The oil companies decided
Many among the Irish population are sceptical to the favourable tax regime for oil companies. Padraigh Cambell is a former rig worker and has been a spokesperson union Siptu. He knows Irish history oil well.
“What taxation authorities drew up in the ‘80s was based on what the oil companies said. They dictated the terms; 25 per cent tax and 100 per cent depreciation. All expenses 25 years back in time can be written off, as well as gifts, sponsorships, everything! Politicians said that this would be good for Ireland, but now the situation is that the supply business happens from Scotland, for example. So the oil-related costs can then be written off in Ireland. We want the Norwegian model. We want jobs for Irish ports, Irish companies, and Irish workers,” says Mr Campbell.
The controversial gas pipeline from the Corrib field comes ashore near the town of Rossport, northwest Ireland. Several residents in the town neither believe Ireland will benefit from the Corrib field because depreciation rules are so favourable, nor that the country will not get tax revenues.
“People in Norway will benefit from the project through Statoil. We’re not going to profit from it because of the Irish tax rules,” says farmer Willie Corduff.
Fergus Cahill in the Irish Offshore Operators’ Association disagrees.
“I know this is a popular argument among some opponents of the hydrocarbon industry in Ireland. Calculations by the authorities show that tax revenues from commercial fields will be substantial – even in relation to the present system,” Mr Cahill says.
Modified in 2007
The Irish government has announced a review of the tax system in the autumn. However, there is nothing to suggest that this will result in the country approaching the tax system as it presently is in Norway.
“I struggle to understand how anyone can expect we’ll have a Norwegian tax system without having Norway’s amounts of commercial discoveries,” newspaper The Irish Times reported Ireland’s Energy Minister Pat Rabbitte saying at a hearing earlier in May.
The system was also changed in 2007. Authorities then introduced a surplus tax of up to 15 per cent that could bring the total tax rate up to 40 per cent, depending on the project’s profitability. The change was not retroactive, and has no significance for the Corrib project Statoil is involved in.
Statoil’s annual report on its 2011 operations in Ireland shows total national losses of EUR 1.3 billion (almost NOK 10 billion), but that this can be written off against future taxable income.
In 1997, Statoil also recorded an approximately EUR 159 million (NOK 1.2 billion) loss in the Connemara area of Ireland, when it was determined that the field was not commercial. Irish rules are designed so that losses and expenses can be written off against taxes for 25 years after they are incurred. This means that Statoil can also write off the Connemara loss against tax on future profits from Coribb field.
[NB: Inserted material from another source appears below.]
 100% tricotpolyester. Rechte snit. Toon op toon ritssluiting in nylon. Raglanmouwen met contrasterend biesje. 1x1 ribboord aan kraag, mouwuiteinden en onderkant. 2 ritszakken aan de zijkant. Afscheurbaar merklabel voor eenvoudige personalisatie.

The corresponding limit in Norway is ten years.
Head of Information Bård Glad Pedersen at Statoil does not wish to comment directly on how the favourable tax terms have or have not influenced their decision to continue their operations in Ireland, but writes in an e-mail that:
“It is common that costs and losses can be offset against future income. The tax system in Ireland does not differ significantly from taxation in the other countries in this area. We make investment decisions on a commercial basis, and the framework conditions are included as a factor in these reviews.”
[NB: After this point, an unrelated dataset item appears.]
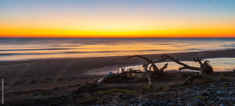 Colorful seashore at dawn time

Shell, operator of Coribb field, has the following comment:
“All companies in Ireland can write off investment costs against profits, and the partners in Coribb field are no exception. Oil and gas companies must, however, pay 25 per cent tax instead of 12.5 like other companies in the country. Ireland also receives tax revenue from the hundreds of people who are employed in connection with the project,” Shell Ireland press officer Fiona McGuinness writes in an email.